ID #762 Therapy-Induced DNA G-Quadruplex Remodeling Promotes Treatment Resistance in Pediatric Medulloblastoma
Kishor Bhakat, Ritesh Dey, Fnu Aditi, Yingling Chen, Sutapa Ray, Donald Coulter, Sidharth MahapatraAbstract
Medulloblastoma (MB), the most common malignant pediatric brain tumor, remains a leading cause of cancer-related mortality in children. Despite aggressive multimodal therapy, survivors frequently experience severe, lifelong neurocognitive, endocrine, and auditory toxicities, and tumor recurrence remains a leading cause of mortality. Relapses are driven by a subset of therapy-tolerant residual tumor cells that survive genotoxic treatment and later re-emerge. However, how MB cells epigenetically adapt to therapeutic stress to survive and recur remains poorly understood.
Here, we identify a novel and unexplored mechanism of therapy resistance in MB centered on therapy-induced formation of non-canonical four-stranded DNA secondary structures known as G-quadruplexes (G4s). Our findings reveal an unrecognized role for G4 structures as dynamic scaffolds that coordinate recruitment of repair protein APE1, thereby facilitating accelerated DNA repair during therapeutic stress. We demonstrate that (i) radiation markedly induces G4 formation in MB cells, and cells subjected to repeated radiation exposure exhibited further accumulation of G4 structures compared with radiation-naïve cells, indicating adaptive remodeling of DNA secondary structure. (ii) MB patient tumors exhibit elevated G4 DNA levels, (iii) APE1 binds G4 structures with high affinity and is constitutively enriched in transcribed gene regions, and (iv) deletion of promoter G4 motif by CRISPR-Cas9 genome editing significantly impairs APE1 recruitment and local DNA repair, providing a mechanistic connection of G4 in DNA repair. Importantly, small-molecule G4 ligands (CX-5461 and TMPyP4) disrupt APE1-G4 interactions, impair DNA damage repair, and sensitize MB cells to radiation in a therapy-adapted MB model.

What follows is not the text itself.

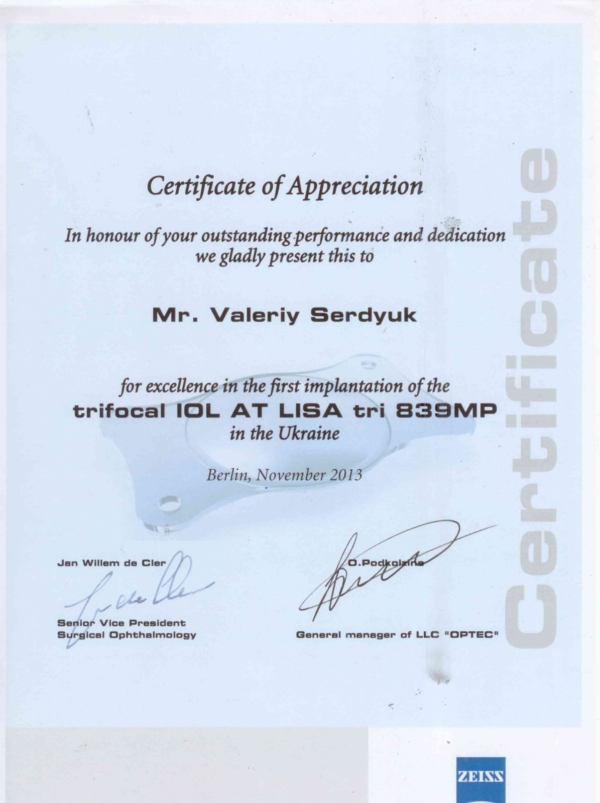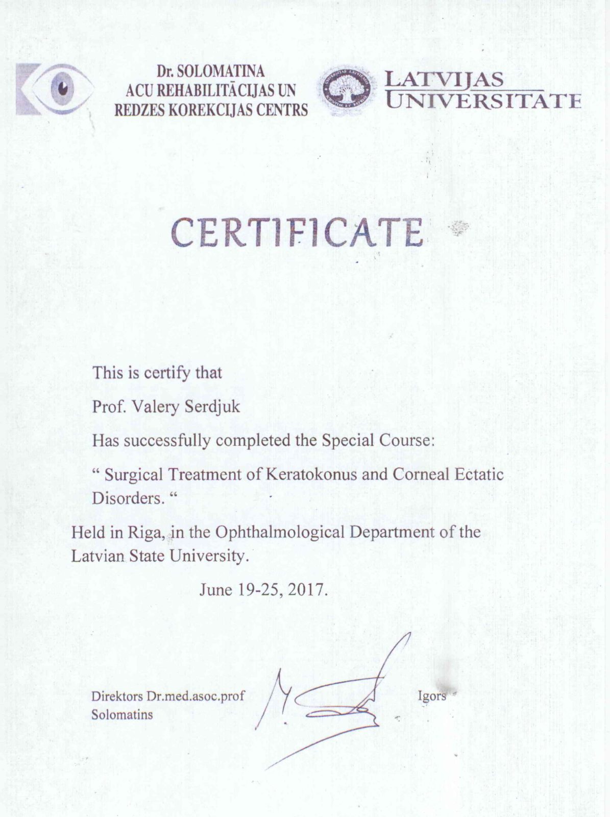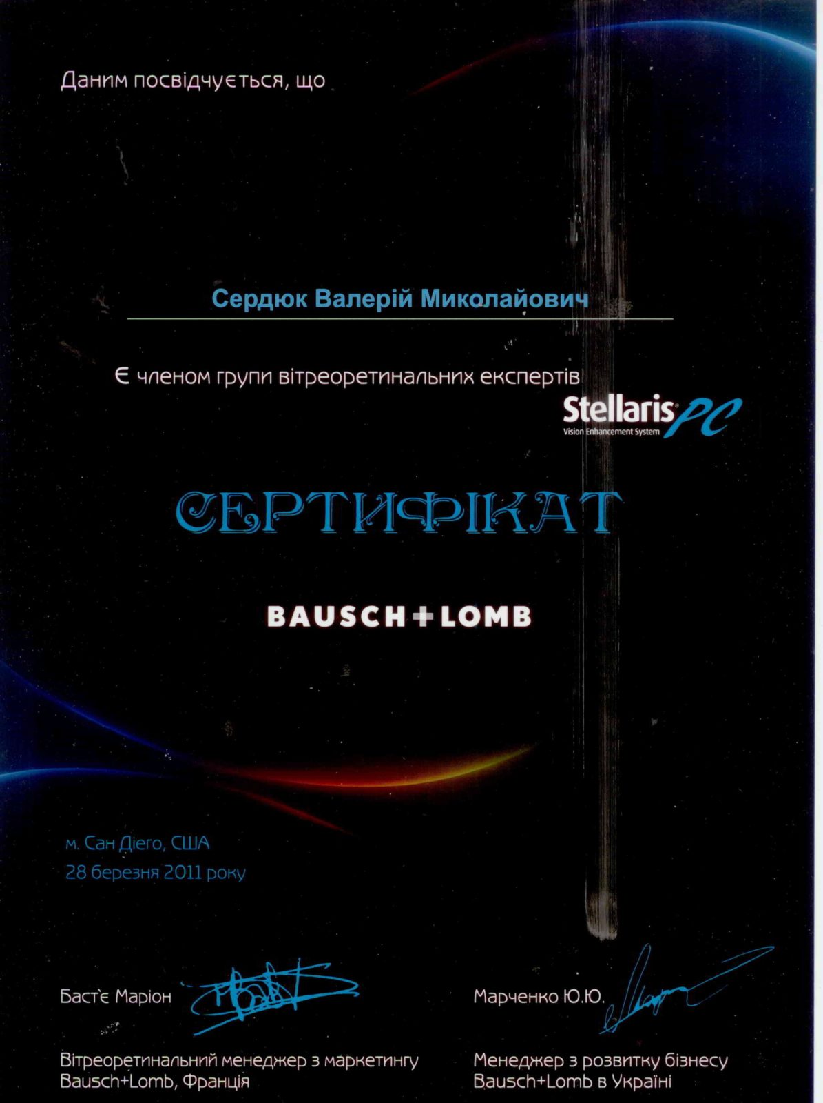 Валерій Миколайович Сердюк — доктор медичних наук, професор, провідний офтальмолог-хірург з більш ніж 30-річним досвідом. Засновник та керівник офтальмологічного центру Ophthalmology-group. Виконав понад 15 000 операцій на очах. Спеціалізується на мікрохірургії катаракти, кератопластиці, лікуванні глаукоми та складних патологій сітківки. Автор понад 100 наукових публікацій, має 12 патентів на винаходи в офтальмології.

Collectively, our studies uncovered a novel epigenetic mechanism of therapy resistance in MB and established G4 structures as actionable therapeutic targets. By disrupting a DNA repair scaffolding mechanism rather than core repair enzymes, this strategy offers a rational path to enhance therapeutic efficacy without increasing genotoxic burden.